Aim of the task: From the first line of the listing to the last, set down everything exactly, but skip the images.

Data extract:
################

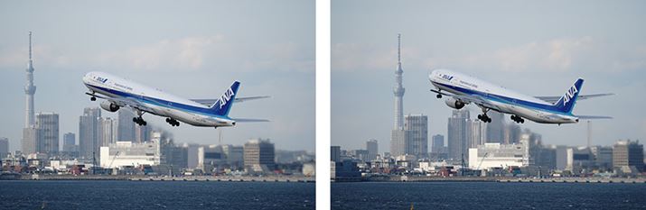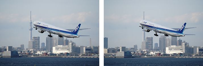 スカイツリーをバックにした構図を狙って撮った作例。飛行機の離陸は状況によって飛び立つポイントが異なるため、イメージどおりの構図になりにくいのだが、この作例では狙いどおりの写真を撮ることができた。11コマ/秒の高速連写によって、スカイツリーと飛行機の位置関係もうまく収まっている。前後のコマを見るとスカイツリーを横切る直前のこの作例がベストショットなことがわかるはずだ。
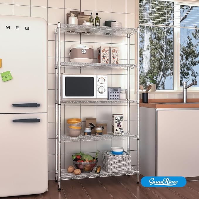 - 100% Assured Purchase,Quick Response,After-Sales Service within 24 hours: This 5 Tier Shelf is sturdy, smooth and durable, we guarantee you will love this Wire Shelving. However, if you are not satisfied with this item or encounter any questions about missing parts or assembly, please feel free to contact us through the "Buyer Message" function, our After-Sales team will respond quickly within 24 hours and will provide you with the most professional technical support and the best solutions
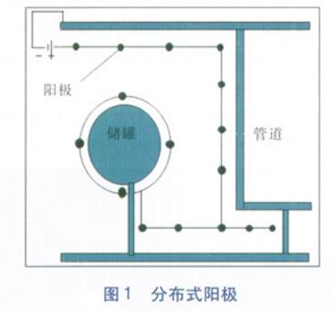 分布(bu)式(shi)陽極(ji)可有效地改善電(dian)(dian)流分布(bu),使保(bao)護(hu)(hu)結構(gou)上(shang)的電(dian)(dian)位均勻分布(bu)。當(dang)陰極(ji)電(dian)(dian)纜(lan)或(huo)管道太(tai)長時,應(ying)考慮其電(dian)(dian)阻對電(dian)(dian)流的影(ying)響。必(bi)要時,可以另加陰極(ji)電(dian)(dian)纜(lan)和陽極(ji)電(dian)(dian)纜(lan)。保(bao)護(hu)(hu)結構(gou)復雜時,經常采(cai)用(yong)分布(bu)式(shi)陽極(ji),見(jian)圖1。
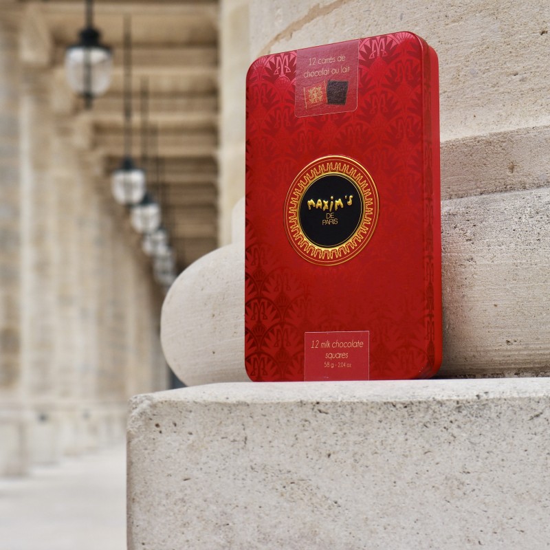 Discover the charm and elegance of this stylish red pencil tin, filled with 12 delectable milk chocolate squares infused with crunchy praline chips.

################

Answer below:
 スカイツリーをバックにした構図を狙って撮った作例。飛行機の離陸は状況によって飛び立つポイントが異なるため、イメージどおりの構図になりにくいのだが、この作例では狙いどおりの写真を撮ることができた。11コマ/秒の高速連写によって、スカイツリーと飛行機の位置関係もうまく収まっている。前後のコマを見るとスカイツリーを横切る直前のこの作例がベストショットなことがわかるはずだ。
 - 100% Assured Purchase,Quick Response,After-Sales Service within 24 hours: This 5 Tier Shelf is sturdy, smooth and durable, we guarantee you will love this Wire Shelving. However, if you are not satisfied with this item or encounter any questions about missing parts or assembly, please feel free to contact us through the "Buyer Message" function, our After-Sales team will respond quickly within 24 hours and will provide you with the most professional technical support and the best solutions
 分布(bu)式(shi)陽極(ji)可有效地改善電(dian)(dian)流分布(bu),使保(bao)護(hu)(hu)結構(gou)上(shang)的電(dian)(dian)位均勻分布(bu)。當(dang)陰極(ji)電(dian)(dian)纜(lan)或(huo)管道太(tai)長時,應(ying)考慮其電(dian)(dian)阻對電(dian)(dian)流的影(ying)響。必(bi)要時,可以另加陰極(ji)電(dian)(dian)纜(lan)和陽極(ji)電(dian)(dian)纜(lan)。保(bao)護(hu)(hu)結構(gou)復雜時,經常采(cai)用(yong)分布(bu)式(shi)陽極(ji),見(jian)圖1。
 Discover the charm and elegance of this stylish red pencil tin, filled with 12 delectable milk chocolate squares infused with crunchy praline chips.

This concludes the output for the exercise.